Das obere Buch ist die deutsche Ausgabe, auf die ich mich hier durchgehend beziehen werde. Das darunter die englische Ausgabe von 2016, die ich gerade lese.

Viele, viele Fußnoten

Dass das kein einfaches Buch ist, das wiederum dachte sich entweder der Heyne Verlag oder Übersetzer Reinhard Heinz damals auch – und ergänzte in der deutschen Ausgabe Fußnoten, die es auf Englisch so nie gab. Fußnoten. Viele Fußnoten.2
So lernen die Lesenden, dass Sushi ein japanisches Reisgericht ist (S. 28), dass die hier schon erwähnten Megabyte eine Maßeinheit für die Speicherkapazität eines Computers sind (S. 36) und dass es sich bei Moiré um ein störendes Muster in einem Fernsehbild handelt (S. 279).

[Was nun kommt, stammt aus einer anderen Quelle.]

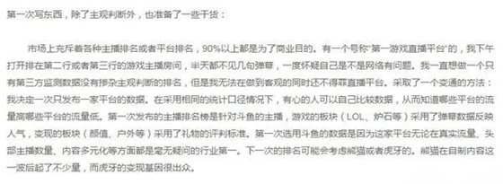 有一个号称“第一游戏直播平台“的,我下午打开排在第二行或者第三行的游戏主播房间,半天都不见几句弹幕,一度怀疑自己是不是网络有问题。我一直想做一个只有第三方监测数据没有掺杂主观判断的排名,但是我无法在做到客观的同时还不得罪直播平台。采取了一个变通的方法:我决定一次只发布一家平台的数据。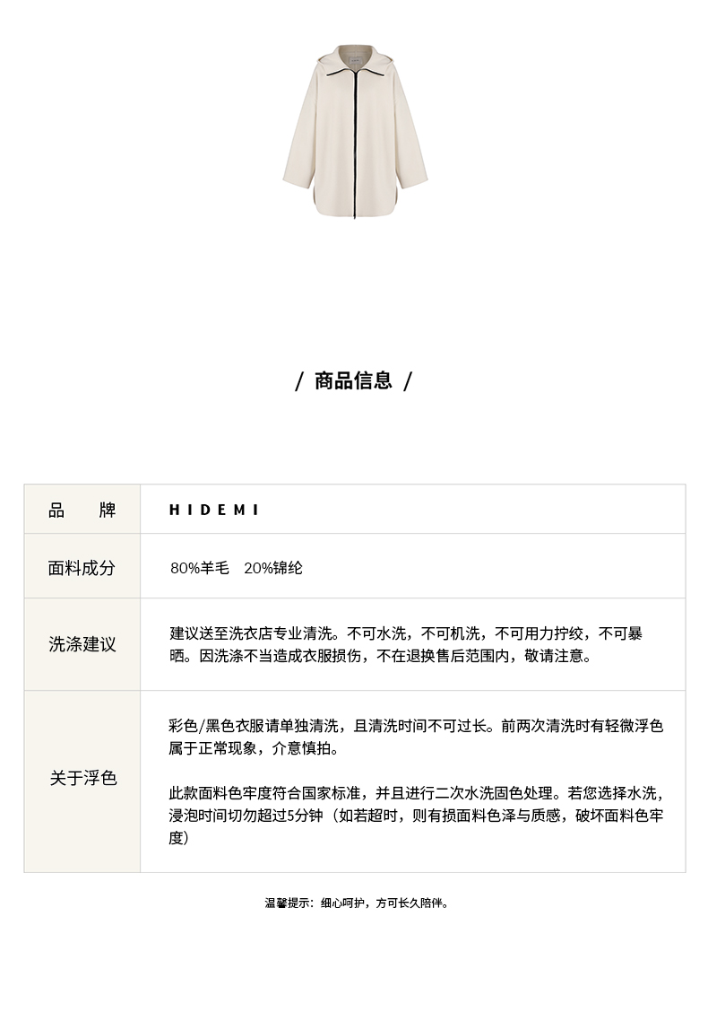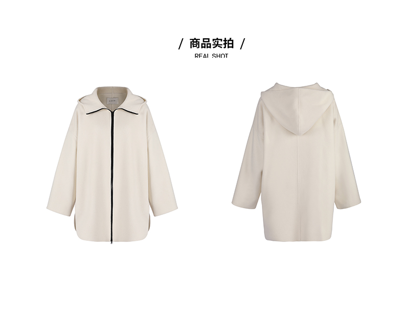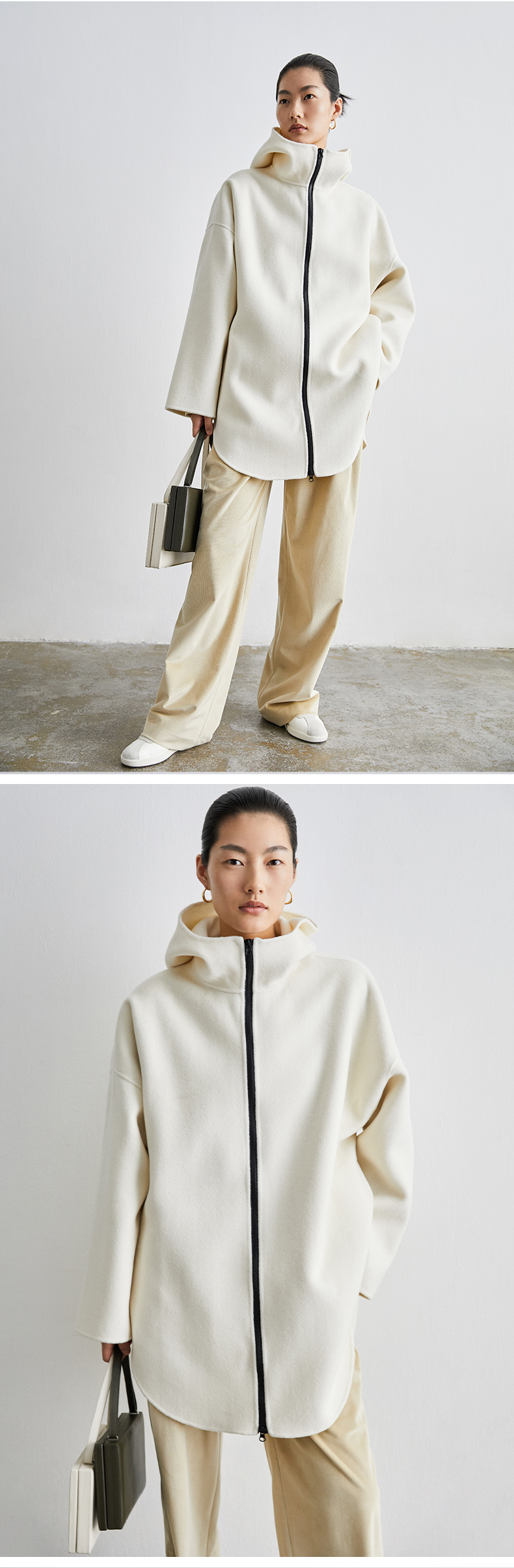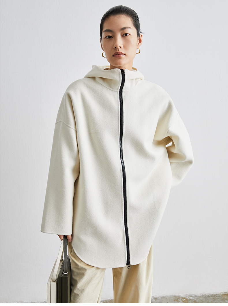 HIDEMI 奶油乳白连帽拉链式简约廓形中长款双面呢大衣

Und das alles ist schon ungewöhnlich.
Ja, generell waren früher die Freiheiten im Bereich von Übersetzungen oft noch viel, viel größer. Viele vor 40 Jahren noch geläufige Eingriffe sind heute – in Zeiten eng abgestimmter internationaler IPs – völlig unvorstellbar. Ein gutes Beispiel für diese Kategorie heute unbegreiflicher Praktiken sind die teils wilden Kürzungen, aufgrund derer in manchen Phantastik-Reihen auf Deutsch alle Titel 160 Seiten hatten, völlig ungeachtet der Frage, wie lang das Orginal war.3

Anti-Gibson

Was ich aber spezifisch hier so faszinierend finde, ist, dass diese Fußnoten in meinen Augen geradezu Anti-Gibson sind. Antithetisch dazu, wie er schreibt.
Eine der zentralen Qualitäten von Gibsons Romanen ist für mich, dass man sie sich erarbeiten muss. Gibson wirft einen mitten hinein in die Geschichte und überrollt einen mit einem Vokabular, das zu erschließen eine Aufgabe darstellt. Er unterrichtet einen in den Regeln seiner Welt durch die Darbietung seiner Geschichte, aber an keinem Punkt serviert er einem zugängliche, begleitende Erklärungen. Das Vokabular ist genug Meme, dass jemand einen „Lorem Gibson“ getauften Blindtextgenerator entworfen hat; die Komplexität seiner Romane ist etwas, was sich durch Besprechung um Besprechung zieht.
Zugänglichkeit ist eine Tugend, das stimmt natürlich – garantiert sofern man aus heutiger, spätkapitalistischer Sicht auf erfolgreiche Marktplatzierungen, „sichere“ Veröffentlichungen und derlei blickt. Aber auf die gleiche Art, wie ein David Lynch ungern über die Bedeutung seiner Filme gesprochen hat, weil die Zuschauer sich die selbst erschließen sollten, und auf die gleiche Art wie ein Hidetaka Miyazaki verteidigt, dass FromSoftware bockschwere, nicht für jeden zugängliche Computerspiele macht, auf die gleiche Art sehe ich auch bei Gibsons Büchern einen Reiz in der Auseinandersetzung mit dem Buch. Man muss sich auf die Sprache, den Rhythmus, die Stimmung des Buches einlassen und aus dem anfänglichen Stirnrunzeln wird mit der Zeit Verständnis wachsen, vielleicht sogar ein Erfolgsgefühl.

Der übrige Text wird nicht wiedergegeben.